Thanks for the reproduction info, this will help. Haven't touched this yet, been busy and now I've got a cold. Ugh.
I suspect the real answer might be to fail gracefully back upwards, deleting all the data we've gotten so far, until we get back to where we're able to continue. Since it's a recursive function, that would seem to be the easiest, as long as we can pass back a proper error code for this situation.
Need to think more on this. John
So I've totally spaced on looking into this issue, but some other stuff came up and I'm getting ready to push out 1.5.0-rc2 with some other fixes and updates. So I don't have a solution to your 'duc loses it's mind when you delete directory trees underneath it while running' but I'm also sure the tkrwz issue is fixed if you just install it after you compile it, before you try to configure and compile duc.

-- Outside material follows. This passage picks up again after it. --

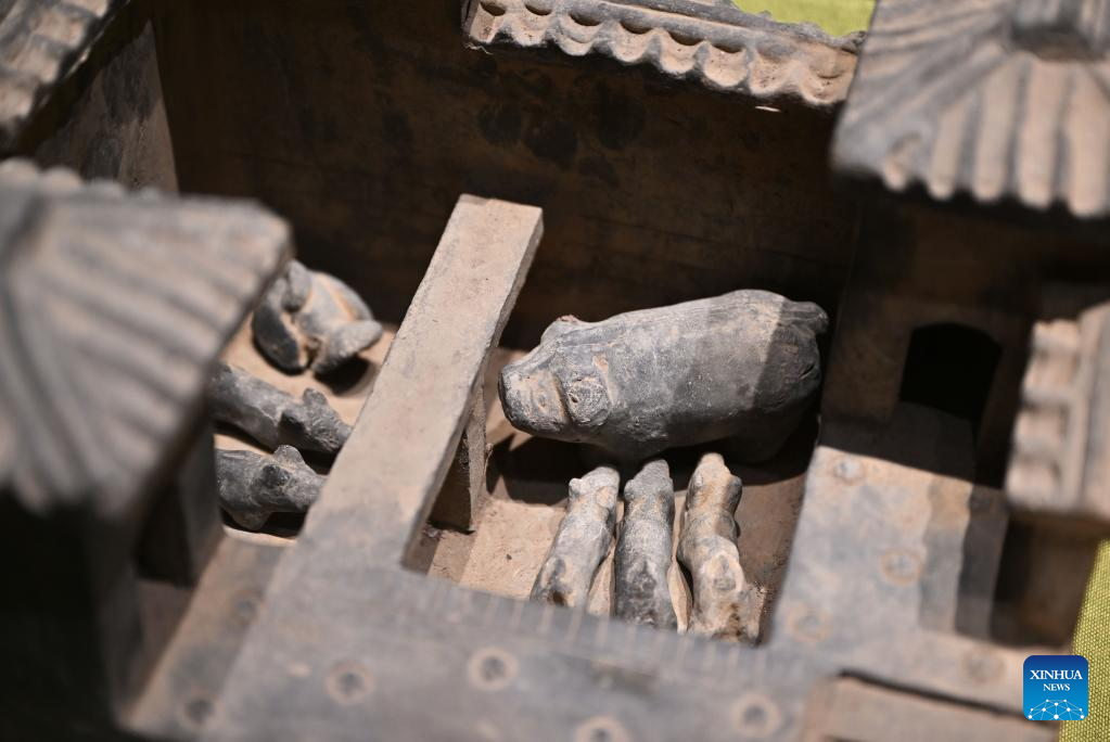 A pigpen-shaped pottery of the Han Dynasty (202 BC-220 AD) is exhibited at Hainan Museum in Haikou, south China's Hainan Province, May 18, 2022.

Can you open a seperate issue for this please so I can track it. It might be simpler over all to just compile tkrwz directly into duc. Not sure.
Can you open a seperate issue for this please so I can track it. It might be simpler over all to just compile tkrwz directly into duc. Not sure.
I have created issue #341 about the tkrzw issue.
So I've totally spaced on looking into this issue
No worries. If it was bad enough I would propose a fix, but I am not in that place currently.